Manifestos of all three fronts full of welfare schemes
Competitive populism seems to be the keyword for major political fronts in the State, going by their manifestos for the upcoming Assembly polls.
The thrust now is on promising schemes for the poor, senior citizens, women and children, patients, farmers, the homeless and differently-abled people, pensioners and home makers. The political parties here appear to be following the model of the Dravidian parties in Tamil Nadu, where free schemes are a given in any poll manifesto.
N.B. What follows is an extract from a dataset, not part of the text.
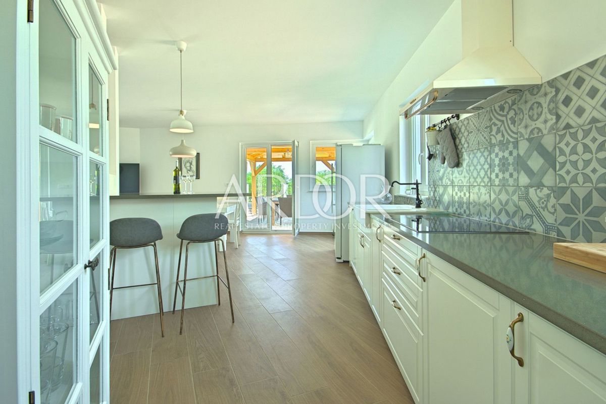 Prodaje se novoizgrađena kamena kuća koja se nalazi na lijepoj i mirnoj lokaciji udaljena 4km od centra grada Poreča i predivnih plaža. Vila se sastoji od prizemlja i prvog kata. U prizemlju kuće nalazi se ulazni hodnik, prostrana spavaća soba sa kupaoni

Some economists, however, have raised questions about going gung-ho on welfare schemes without specifying details about resource mobilisation.
Opinions from people
Unlike earlier, the preparation of the poll manifestos itself was a public relations exercise for the Left Democratic Front (LDF) and the United Democratic Front (UDF) this time. Chief Minister Pinarayi Vijayan conducted district-level meetings with people from different walks of life and sought their opinions that could be included in the document. The UDF too held consultations with people before releasing its poll manifesto, and Shashi Tharoor, MP, was in charge of the process.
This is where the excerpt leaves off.